Pelo menos 49 pessoas ficaram feridas numa vila no distrito de Sidrap. As autoridades oficiais de emergência reportam ainda 215 pessoas que ficaram sem casa. 

As mortes aconteceram na sequência do colapso de árvores e edifícios.

Vídeos do tornado:


----------



## Gerofil (4 Mar 2012 às 23:15)

Quatro anos depois, Jerusalém volta a cobrir-se de neve:


medialpj


----------



## Danilo2012 (21 Mar 2012 às 14:23)

bom vou fazer um pequeno resumo desse inverno aqui na minha cidade e nas regioes proximas.

  O inverno foi brando mais teve temperaturas minimas bem baixas por exemplo no dia 3 de fevereiro chegou a -13.7 temperatura que nao chegava a pelo menos a 5 anos a ultima vez foi em 2007 dia 10 de janeiro que chegou a exatos -13.7c.
 A temperatura mais baixa foi de -17.9c em janeiro dia 25 de 2003 algo bem baixo dada a latitude e altitude da cidade 670m N 35. Os registros comecarao em 1993.

  A neve veio a cair com pouca intencidade devido a pouca formacao de ciclones   extratropicais na regiao do pacifico foi registrado 23cm no comeco de marco mais durante o dia chegou a 12c e derreteu quase tudo.

 Assim foi os meses de inverno 









  Aqui nevou pouco mais no norte do estado nevou muito ate 3 veses mais que o normal .

  na cidade de otari mura chegou a 2,5 metros em janeiro tendo o pico de acumulacao dia 25. caiu 379mm no mes de janeiro quase em sua maior parte em forma de neve.
  eu fui nessa cidade em janeiro e apanhei uma tempestade severa eram 3 da tarde e fazia -6c nao era possivel ver nada a poucos metros e parecia noite foi um pouco assustador porque eu nunca vi nevar daquele geito nas caussadas a neve somava mais de 2 metros  entao eu comecei a regressar para sul com medo de ficar preso ali naquela tempestade glacial, a menos de 30 km a sul o ceu tava lindamente azul mais era possivel ver as nuvens negras passando a grande velocidade e bem baixas quase tao baixo como neblina logo um pouco ao norte, e por incrivel que paresca nao havia neve acumulada em azumino cidade um pouco ao sul de Otari. como foi meio que na hora que decidimos ir passear por la me faltou uma camera, mais as imagens sao bem nitidas na minha mente e a paisagem era algo espetacular, o crepusculo quando voltavamos para sul foi muito bonito tambem o ceu costuma ficar bem violeta devido o tempo extremamente limpo nas regioes mais ao sul de nagano devido ao efeito orografico 

  Hakuba cidade a 15 km ao sul de Otari, com visao para os alpes japoneses Foto tirada no inverno de 2011


----------



## Mário Barros (24 Mar 2012 às 12:08)

Ainda nós nos queixamos do nosso pó 






http://eoimages.gsfc.nasa.gov/images/imagerecords/77000/77450/swasia_tmo_2012079.jpg


----------



## Danilo2012 (31 Mar 2012 às 06:41)

Sigo hoje em nagano com tempo chuvoso a temperatura agora e de 8c e a previsao para chuver o dia todo.

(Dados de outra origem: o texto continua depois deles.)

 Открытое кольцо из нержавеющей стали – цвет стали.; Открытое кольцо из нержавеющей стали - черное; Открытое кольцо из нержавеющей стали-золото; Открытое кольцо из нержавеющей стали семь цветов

Essa chuva se deve a um sistema de baixa pressao.

 A frente fria desse sistema e bem extensa e trara uma vaga de frio de meio de inverno, como anuncia os canais de meteorologia japoneses. Agora nesse momento diversas cidades acima de 1000metros tem precipitacao em forma de neve.
 E nas ultimas horas a temperatura comecou a despencar no norte do estado trazendo neve para a capital Nagano(400m) 

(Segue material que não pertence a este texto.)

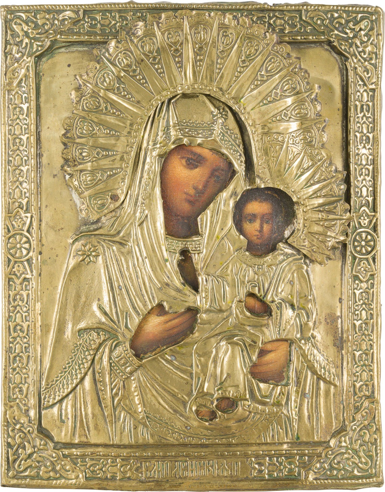 A SMALL ICON SHOWING THE SMOLENSKAYA MOTHER OF GOD WITH OKLAD Russian, late 19th century Oil on wood panel. Overlaid with a brass oklad. Minor losses. 22.2 x 17.5 cm.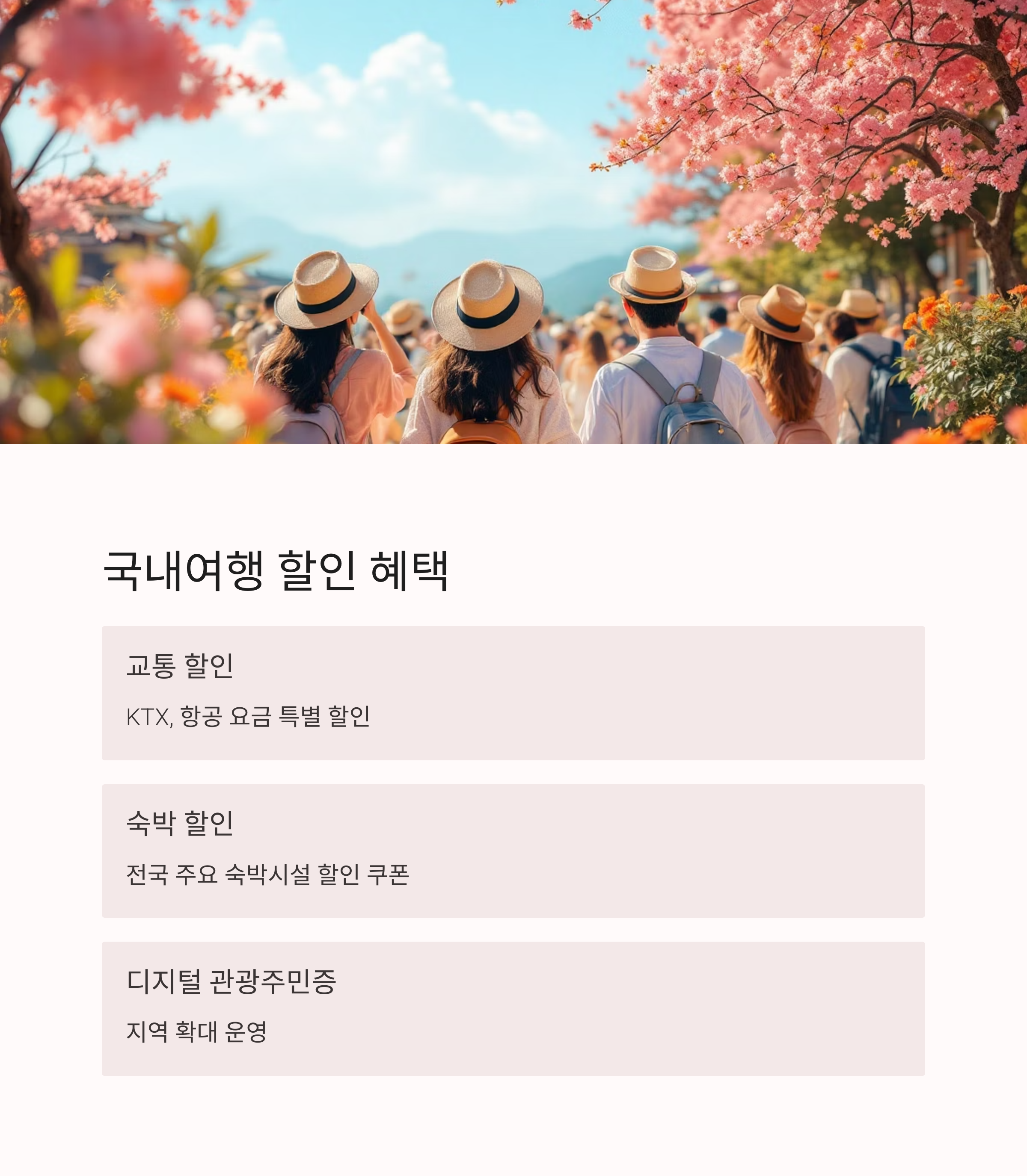 | 국내여행 | KTX·항공·숙박·관광지 할인 디지털 관광주민증 지역 확대 |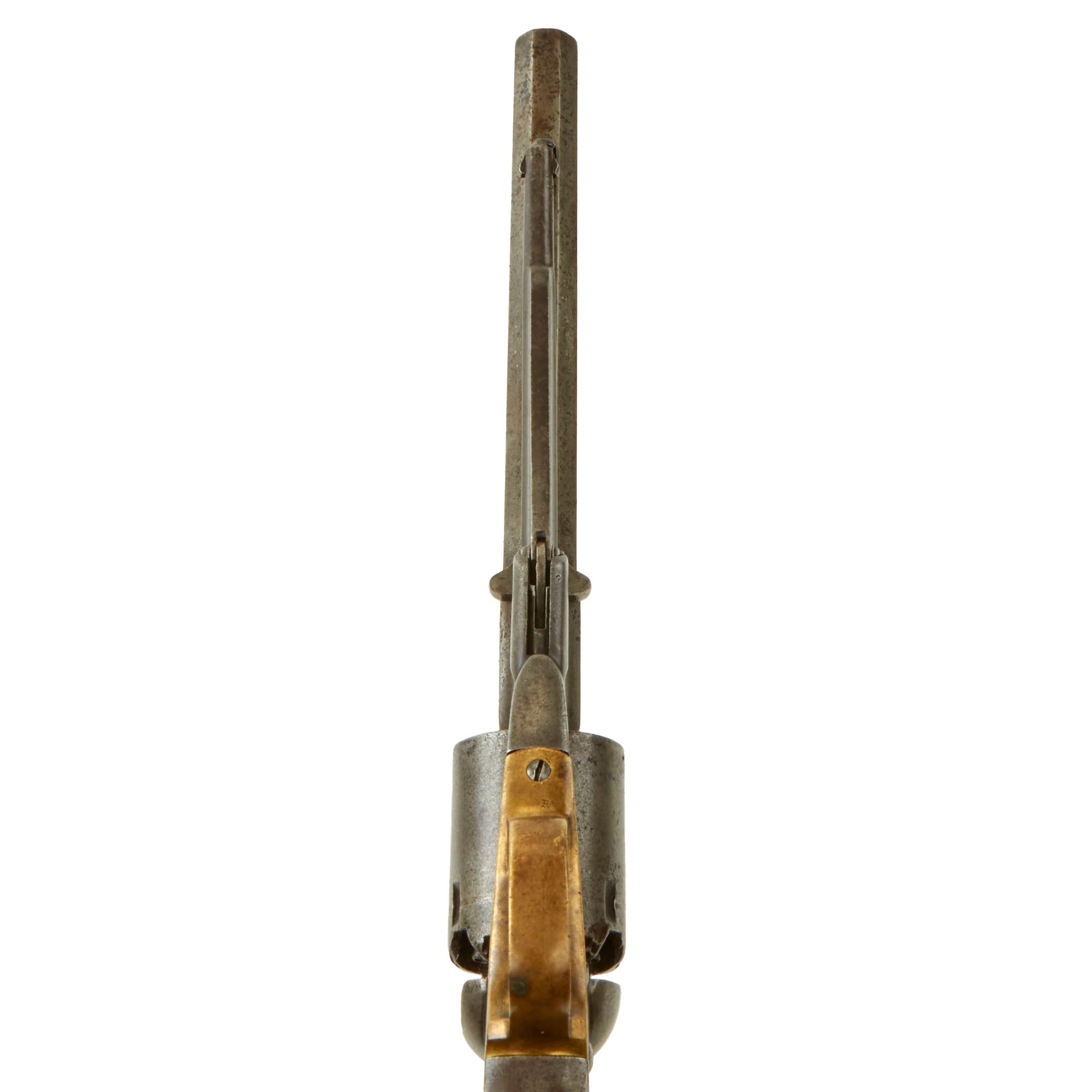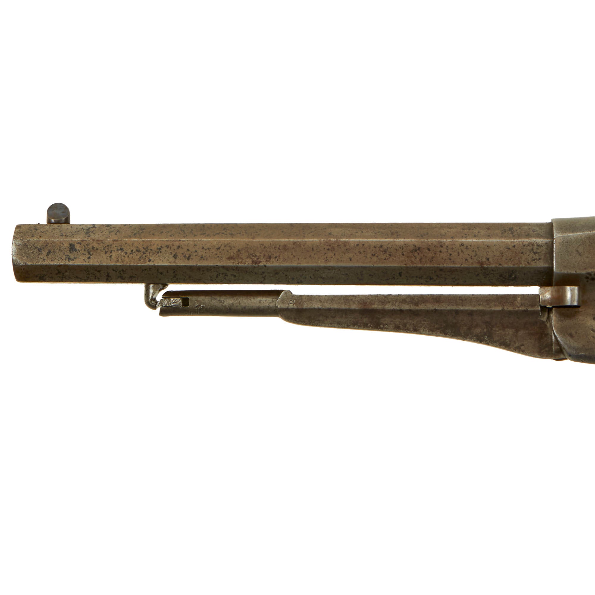 This 1863 Navy model revolver is in nice used condition showing a lovely worn patina, with some areas of past pitting. Original markings on the barrel are present, but definitely worn. The walnut grips are in very good condition, and look to have been refinished at some point. The ferrules are original, however the cross screw has been replaced, and a new nut is fitted inside the brass ferrule.

  Ontem tivemos o segundo dia bem primaveril chegou a agradaveis 17c a minima ficou em apenas 0c.

 A partir de amanha o tempo vai lembrar bem os dias de inverno aqui em minha cidade esta previsto -6c e maxima de 5c bem incomum para abril 

 Nas cidades  de +-1200metros estao previstos -11c e maximas abaixo de 0c e neve. Principalmente nas regioes proximas ao mar do japao como Hakuba e Nozawaonsen deve nevar com muita forca podendo acumular bastante neve.

  Aqui em minha cidade vai nevar um pouco amanha e pra dia 4 ta previsto mais neve, normalizando entao. Sempre em abril cai a ultima neve. Ano passado nao nevou foi uma execao.


----------



## Danilo2012 (3 Abr 2012 às 08:28)

Sigo Hoje com uma anormal tempestade de primavera, os ventos agora sao bem forte e chove forte no momento.

 Isso se deve a um sistema de baixa pressao(976hpa) com forca de furacao como estao dizendo nos canais meteorologicos.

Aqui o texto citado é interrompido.